AfghanistanThe value of the papers – and the extraordinary probative value – lies in the fact that the interviewees speak their mouths clean.

“I was amazed at how outspoken even high-ranking officials were,” Whitlock notes. “They literally said‘ we didn’t know what we were doing ’. I heard it [aineistossa] repeatedly from both Foreign Ministry officials and soldiers. “

Whitlock points out that Afghan interviewees would certainly have been wary of their words if they had known they would end up in the public so soon. Not to mention if he or another journalist had approached the same people on the same issues.

Craig Whitlockin the book is a sinister chronology of sad failure.

The heart of the United States and the Alliance as a whole was inciting corruption. Billions and again billions of dollars were blamed on the paralyzed country of a few tens of millions of people in the hope that development work would bear fruit.

Huge sums of money were also immersed in the fight against drugs. The money tended to get lost somewhere along the way.

“Dark money was flowing around the country,” as Whitlock describes. “Money launderers dragged suitcases containing a million dollars and more into planes leaving Kabul, where the misappropriated assets of vicious businessmen and politicians were taken abroad.”

The consequences of rampant corruption, a booming drug business and a war economy were, of course, also felt within Afghanistan. Out of the ruins of Kabul rose “poppy palaces,” brazenly lavish elite dwellings.

Protecting money was completely pointless. Whitlock’s book talks about an American aid project subcontractor, which was expected to target projects at a rate of three million dollars a day – in an area equivalent to a few medium-sized Finnish municipalities.

The subcontractor in question asked a congressman who was visiting Afghanistan whether he could use such money responsibly in his own constituency. The congressman replied that “I am not in hell”.

“Sir, that is exactly what you have obliged us to use,” the subcontractor replied. “And I do it in communities that live in clay huts with no windows.”

The source of this grain of information is the Story Teaching interview, from which, however, the SIGAR agency had erased the name information.
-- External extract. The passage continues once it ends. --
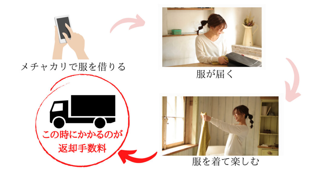 返却手数料は、メチャカリの服を着て、返す時にかかるお金のことです。

The war in Afghanistan is one of the first books to cover the entire arc from the defeat of the Taliban to its new rise to power. The Taliban took over Kabul last August.

The war in Afghanistan originally appeared last summer under the name The Afghanistan Papers. The Finnish version has been updated. Antti Parosen with transcript.

It would be nice to think that the international community even got something permanent in Afghanistan.

Afghan schoolchildren in the city of Charikar in 2010.

“The international community was trying to modernize Afghanistan, and the intention was good,” Craig Whitlock says.

“There were many attempts to improve the lives of Afghan women and girls, to improve the education system, to improve the Afghan economy.”

The end result is inconsolable.

“An attempt was made to create a functioning state, but it failed. Everything we thought we had achieved in Afghan society has already collapsed. ”

Craig Whitlock: The War in Afghanistan. The secret papers of the Pentagon. Kyösti Karvonen, Finland. Docendo. 434 s. The book is due to be published on January 27th.